Could we also avoid some code duplication with pg_get_shmem_allocations()?

Also same remarks about pfree() and ONE_GIGABYTE as above.

A few other things:

==== 6

+++ b/src/backend/storage/ipc/shmem.c
@@ -73,6 +73,7 @@
 #include "storage/shmem.h"
 #include "storage/spin.h"
 #include "utils/builtins.h"
+#include "port/pg_numa.h"

Not at the right position, should be between those 2:

#include "miscadmin.h"
#include "storage/lwlock.h"

==== 7

+/*-------------------------------------------------------------------------
+ *
+ * pg_numa.h
+ *       Miscellaneous functions for bit-wise operations.

=== 8

+++ b/src/port/pg_numa.c
@@ -0,0 +1,150 @@
+/*-------------------------------------------------------------------------
+ *
+ * numa.c
+ *             Basic NUMA portability routines

s/numa.c/pg_numa.c/ ?

=== 9

+++ b/contrib/pg_buffercache/pg_buffercache_pages.c
@@ -6,6 +6,7 @@
  *       contrib/pg_buffercache/pg_buffercache_pages.c
  *-------------------------------------------------------------------------
  */
+#include "pg_config.h"
 #include "postgres.h"

Is this new include needed?

#include "access/htup_details.h"
@@ -13,10 +14,12 @@
#include "funcapi.h"
#include "storage/buf_internals.h"
#include "storage/bufmgr.h"
+#include "port/pg_numa.h"
+#include "storage/pg_shmem.h"

not in the right order.

Regards,

--
Bertrand Drouvot
PostgreSQL Contributors Team
RDS Open Source Databases
Amazon Web Services: https://aws.amazon.com

#16

bertranddrouvot.pg@gmail.com

about 1 year ago

In reply to: Jakub Wartak (#8)

Re: Draft for basic NUMA observability

Hi,

On Wed, Feb 26, 2025 at 09:38:20AM +0100, Jakub Wartak wrote:

On Mon, Feb 24, 2025 at 3:06 PM Andres Freund <andres@anarazel.de> wrote:

Why is this done before we even have gotten -2 back? Even if we need it, it
seems like we ought to defer this until necessary.

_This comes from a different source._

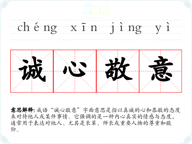 成语“诚心敬意”字面意思是指以真诚的心和恭敬的态度来对待他人或某件事情。它强调的是一种内心真实的情感与态度,通常用于表达对他人、尤其是长辈、师长或重要人物的尊重和敬仰。

Not fixed yet: maybe we could even do a `static` with
`has_this_run_earlier` and just perform this work only once during the
first time?

Not sure I get your idea, could you share what the code would look like?

Regards,

--
Bertrand Drouvot
PostgreSQL Contributors Team
RDS Open Source Databases
Amazon Web Services: https://aws.amazon.com

#17

jakub.wartak@enterprisedb.com

about 1 year ago

In reply to: Bertrand Drouvot (#15)

Re: Draft for basic NUMA observability

Hi!

On Thu, Feb 27, 2025 at 4:34 PM Bertrand Drouvot
<bertranddrouvot.pg@gmail.com> wrote:

I did some tests and it looks like it's giving correct results. I don't see -2
anymore and every backend reports correct distribution (with or without hp,
with "small" or "large" shared buffer).

Cool! Attached is v7 that is fully green on cirrus CI that Andres
recommended, we will see how cfbot reacts to this. BTW docs are still
missing. When started with proper interleave=all with s_b=64GB,
hugepages and 4 NUMA nodes (1socket with 4 CCDs) after small pgbench:

postgres=# select buffers_used, buffers_unused from pg_buffercache_summary();
buffers_used | buffers_unused
--------------+----------------
170853 | 8217755
(
ostgres=# select numa_zone_id, count(*) from pg_buffercache_numa group
by numa_zone_id order by numa_zone_id;
DEBUG: NUMA: os_page_count=32768 os_page_size=2097152 pages_per_blk=0.003906
numa_zone_id | count
--------------+---------
0 | 42752
1 | 42752
2 | 42752
3 | 42597
| 8217755
Time: 5828.100 ms (00:05.828)
postgres=# select 3*42752+42597;
?column?
----------
170853

postgres=# select * from pg_shmem_numa_allocations order by numa_size
desc limit 12;
DEBUG: NUMA: page-faulting shared memory segments for proper NUMA readouts
name | numa_zone_id | numa_size
--------------------+--------------+-------------
Buffer Blocks | 0 | 17179869184
Buffer Blocks | 1 | 17179869184
Buffer Blocks | 3 | 17179869184
Buffer Blocks | 2 | 17179869184
Buffer Descriptors | 2 | 134217728
Buffer Descriptors | 1 | 134217728
Buffer Descriptors | 0 | 134217728
Buffer Descriptors | 3 | 134217728
Checkpointer Data | 1 | 67108864
Checkpointer Data | 0 | 67108864
Checkpointer Data | 2 | 67108864
Checkpointer Data | 3 | 67108864

Time: 68.579 ms

A few random comments:

=== 1

[..]

I think that the if (query_numa) check should also wrap that entire section of code.

Done.

=== 2
+                       if (query_numa)
+                       {
+                          blk2page = (int) i * pages_per_blk;
+                          j = 0;
+                          do
+                          {
This check is done for every page. I wonder if it would not make sense
to create a brand new function for pg_buffercache_numa and just let the
current pg_buffercache_pages() as it is. That said it would be great to avoid
code duplication as much a possible though, maybe using a shared
populate_buffercache_entry() or such helper function?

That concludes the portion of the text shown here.